I think it is fair to say in this election that we don’t want people to vote for the Coalition because they think we are popular.
Instead, we want people to vote for us because we are strong, know where we’re going, can make the hard decisions to get there, and we can back those hard decisions by showing you how we’re going to pay for it.
It is also fair to say that the Labor Party policy agenda has been less than inspiring. In some instances, non-existent. They are more statements than policies because policies come with details.
In a time of geopolitical crisis, popularity takes even more of a back seat to competency and strength.
There is a responsibility on leaders to make tough decisions that are not necessarily popular and, to be quite frank, there is a responsibility on voters to understand that tough decisions have to be made.
In this election, the Labor Party has presented one of the most policy-lite election pitches in living history.
It really is summarised to this: they believe it is their turn.
Anthony Albanese believes the Australian Government is shared around like time with a skipping rope in a school yard.
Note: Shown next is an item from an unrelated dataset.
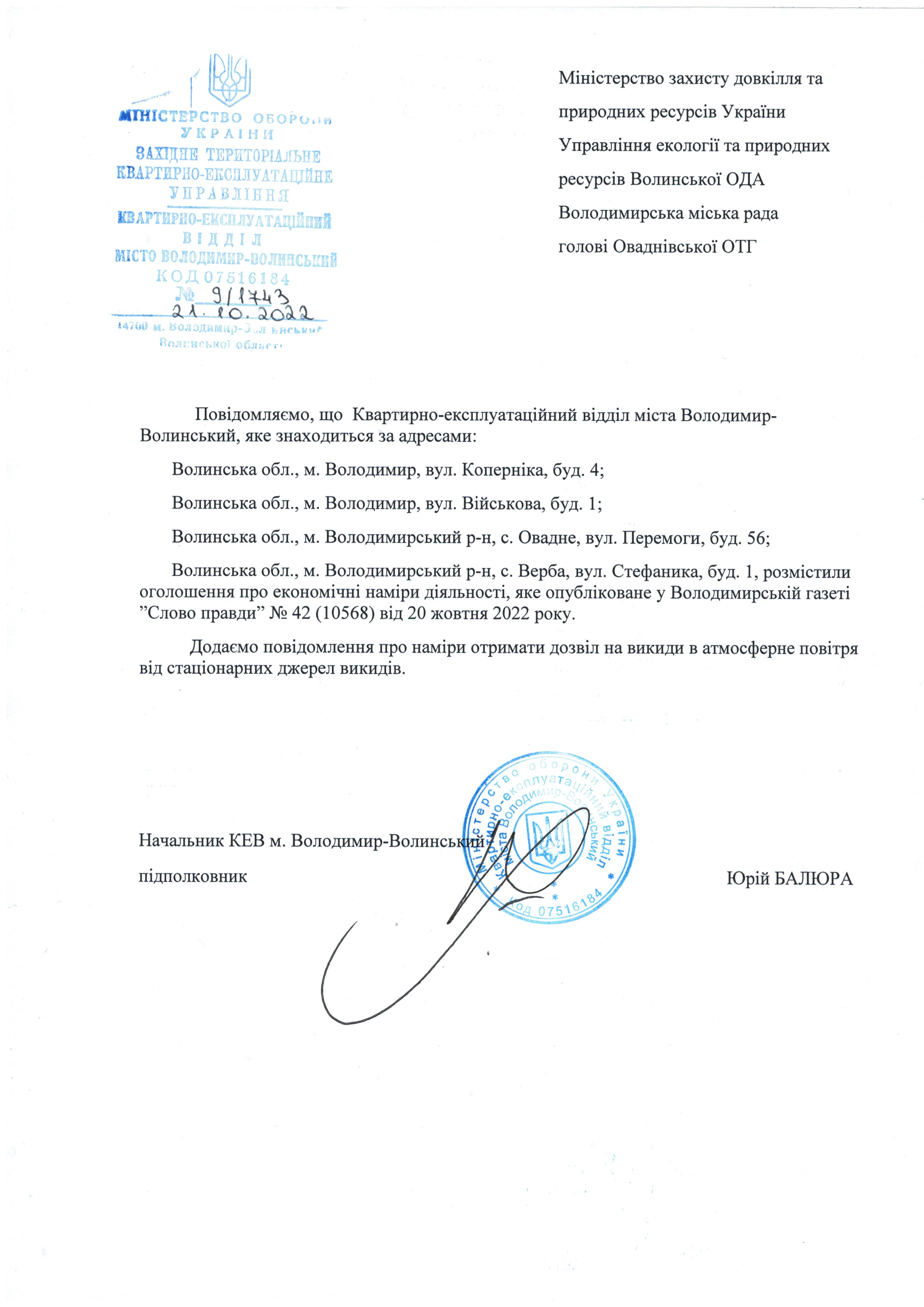 24 жовтня 2022, 10:53 останні оновлення: 28 лютого 2025 Повідомлення про намір отритмати дозвіл на викиди Квартирно-експлуатаційний відділ міста Володимир-Волинський лист оголошення
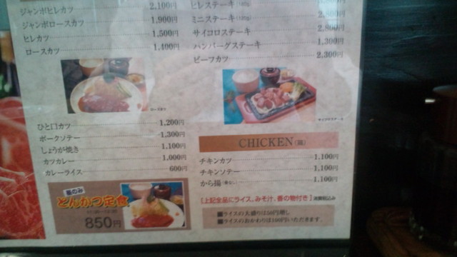 他のお店だとハンバーグもフライも 片方で定食が出来そうだし ご飯も大き目の器にたっぷりで ご飯大盛にする人は皆無だとおもいます。 他にもランチメニューが有り いずれも ¥700円 こちらも 味・量ともに文句なしですが チョッと味が濃い目なので 薄味好みの人には合わないかもしれませんね。

That you’re entitled to be the Government rather than putting forward a better policy agenda than the current Government.
In the past, Gough Whitlam brought forward the termination of military conscription, universal healthcare, free university education and legal aid programs.
Bob Hawke came forward with the Prices and Incomes Accord, floated the dollar, gave the Commonwealth power over World Heritage sites, stopped the damming of the Franklin River, and outlawed gender discrimination in the workplace.
These leaders didn’t believe they were entitled to lead a Government, they didn’t believe it was their turn.
They went out, fought for it, and won the policy battle.
Mr Albanese is hardly going to have his statue held high in the pantheon of great Labor leaders when it sits on a crumbling or non-existent policy pedestal.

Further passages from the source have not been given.